Instructions for the task: The entire listing, reproduced exactly and stripped of images, is the expected output.

Information supplied:
--- START ---

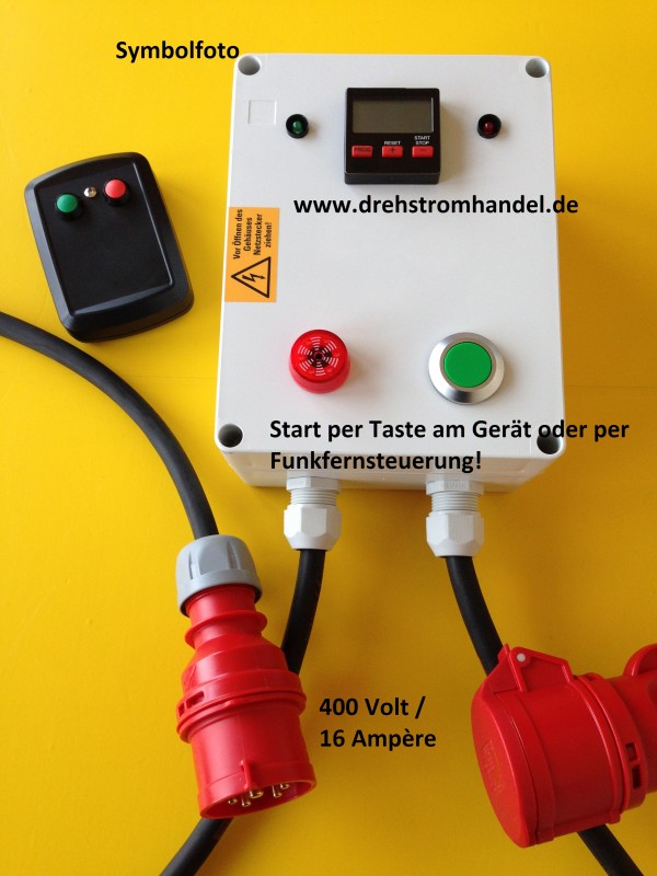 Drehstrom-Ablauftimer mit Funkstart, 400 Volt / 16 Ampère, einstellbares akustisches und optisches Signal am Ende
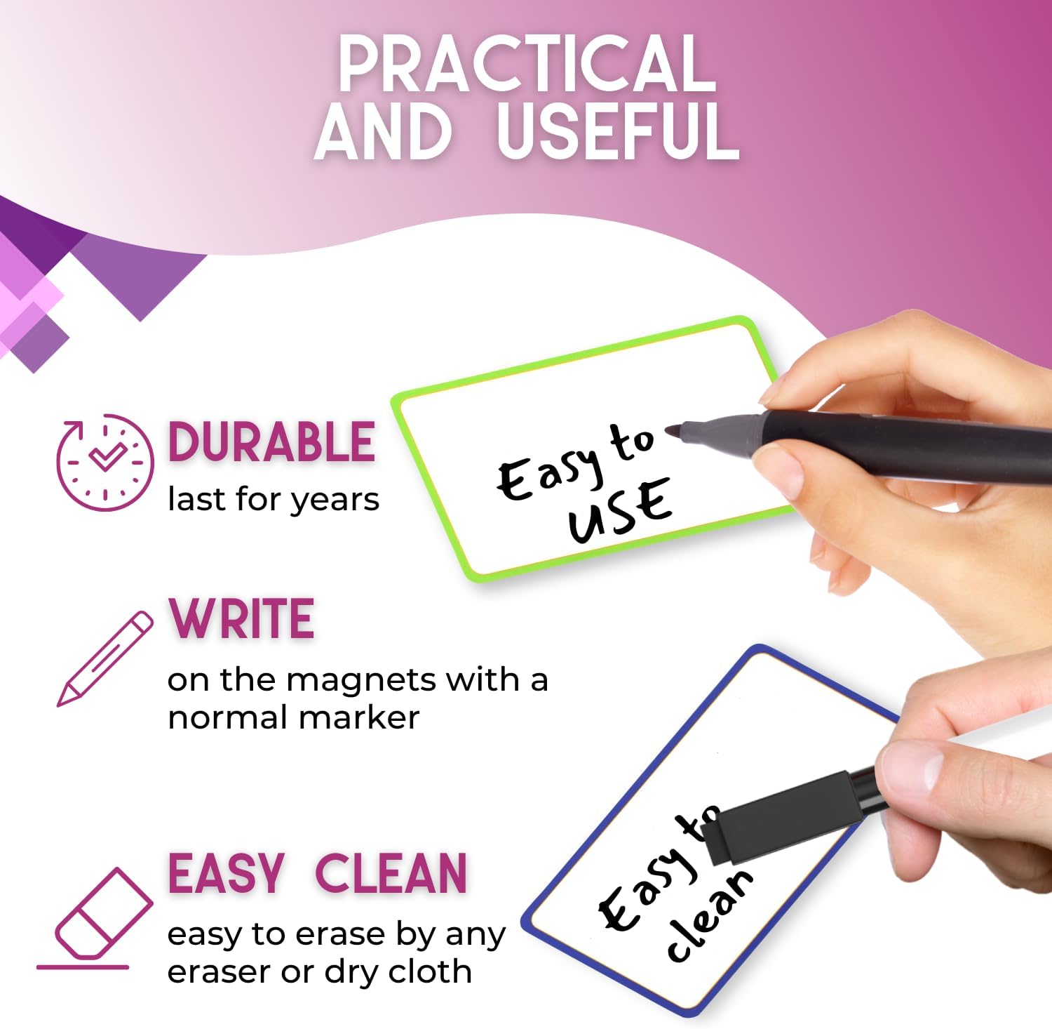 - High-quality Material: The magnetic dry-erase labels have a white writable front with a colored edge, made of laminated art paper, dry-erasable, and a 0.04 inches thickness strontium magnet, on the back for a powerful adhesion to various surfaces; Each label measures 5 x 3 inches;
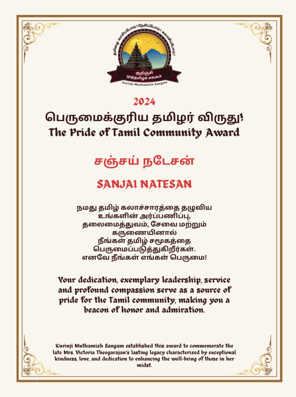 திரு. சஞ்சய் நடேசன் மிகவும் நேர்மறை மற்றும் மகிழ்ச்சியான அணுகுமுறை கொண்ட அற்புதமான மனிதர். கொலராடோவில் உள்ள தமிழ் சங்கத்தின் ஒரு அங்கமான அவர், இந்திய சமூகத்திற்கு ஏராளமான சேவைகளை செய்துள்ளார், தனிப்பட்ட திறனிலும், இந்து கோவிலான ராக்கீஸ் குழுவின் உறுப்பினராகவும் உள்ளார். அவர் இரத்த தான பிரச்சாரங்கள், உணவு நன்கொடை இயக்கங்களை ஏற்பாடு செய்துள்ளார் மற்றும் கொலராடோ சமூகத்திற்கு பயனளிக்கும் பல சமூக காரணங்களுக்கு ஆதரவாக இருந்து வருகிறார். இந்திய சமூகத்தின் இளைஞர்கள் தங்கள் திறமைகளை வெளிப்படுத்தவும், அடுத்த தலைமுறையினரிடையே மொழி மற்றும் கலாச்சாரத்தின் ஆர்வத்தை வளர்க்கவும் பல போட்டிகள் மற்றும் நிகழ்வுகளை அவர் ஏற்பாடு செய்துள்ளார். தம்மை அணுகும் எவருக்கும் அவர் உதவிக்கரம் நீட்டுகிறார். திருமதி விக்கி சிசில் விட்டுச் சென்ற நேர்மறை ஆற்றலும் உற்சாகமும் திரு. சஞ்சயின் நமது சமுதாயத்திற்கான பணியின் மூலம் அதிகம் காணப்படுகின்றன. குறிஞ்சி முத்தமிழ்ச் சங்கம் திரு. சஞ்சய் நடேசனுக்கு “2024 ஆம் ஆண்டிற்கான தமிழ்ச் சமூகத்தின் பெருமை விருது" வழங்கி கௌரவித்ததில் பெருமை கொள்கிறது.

--- END ---

Answer to the problem:
 Drehstrom-Ablauftimer mit Funkstart, 400 Volt / 16 Ampère, einstellbares akustisches und optisches Signal am Ende
 - High-quality Material: The magnetic dry-erase labels have a white writable front with a colored edge, made of laminated art paper, dry-erasable, and a 0.04 inches thickness strontium magnet, on the back for a powerful adhesion to various surfaces; Each label measures 5 x 3 inches;
 திரு. சஞ்சய் நடேசன் மிகவும் நேர்மறை மற்றும் மகிழ்ச்சியான அணுகுமுறை கொண்ட அற்புதமான மனிதர். கொலராடோவில் உள்ள தமிழ் சங்கத்தின் ஒரு அங்கமான அவர், இந்திய சமூகத்திற்கு ஏராளமான சேவைகளை செய்துள்ளார், தனிப்பட்ட திறனிலும், இந்து கோவிலான ராக்கீஸ் குழுவின் உறுப்பினராகவும் உள்ளார். அவர் இரத்த தான பிரச்சாரங்கள், உணவு நன்கொடை இயக்கங்களை ஏற்பாடு செய்துள்ளார் மற்றும் கொலராடோ சமூகத்திற்கு பயனளிக்கும் பல சமூக காரணங்களுக்கு ஆதரவாக இருந்து வருகிறார். இந்திய சமூகத்தின் இளைஞர்கள் தங்கள் திறமைகளை வெளிப்படுத்தவும், அடுத்த தலைமுறையினரிடையே மொழி மற்றும் கலாச்சாரத்தின் ஆர்வத்தை வளர்க்கவும் பல போட்டிகள் மற்றும் நிகழ்வுகளை அவர் ஏற்பாடு செய்துள்ளார். தம்மை அணுகும் எவருக்கும் அவர் உதவிக்கரம் நீட்டுகிறார். திருமதி விக்கி சிசில் விட்டுச் சென்ற நேர்மறை ஆற்றலும் உற்சாகமும் திரு. சஞ்சயின் நமது சமுதாயத்திற்கான பணியின் மூலம் அதிகம் காணப்படுகின்றன. குறிஞ்சி முத்தமிழ்ச் சங்கம் திரு. சஞ்சய் நடேசனுக்கு “2024 ஆம் ஆண்டிற்கான தமிழ்ச் சமூகத்தின் பெருமை விருது" வழங்கி கௌரவித்ததில் பெருமை கொள்கிறது.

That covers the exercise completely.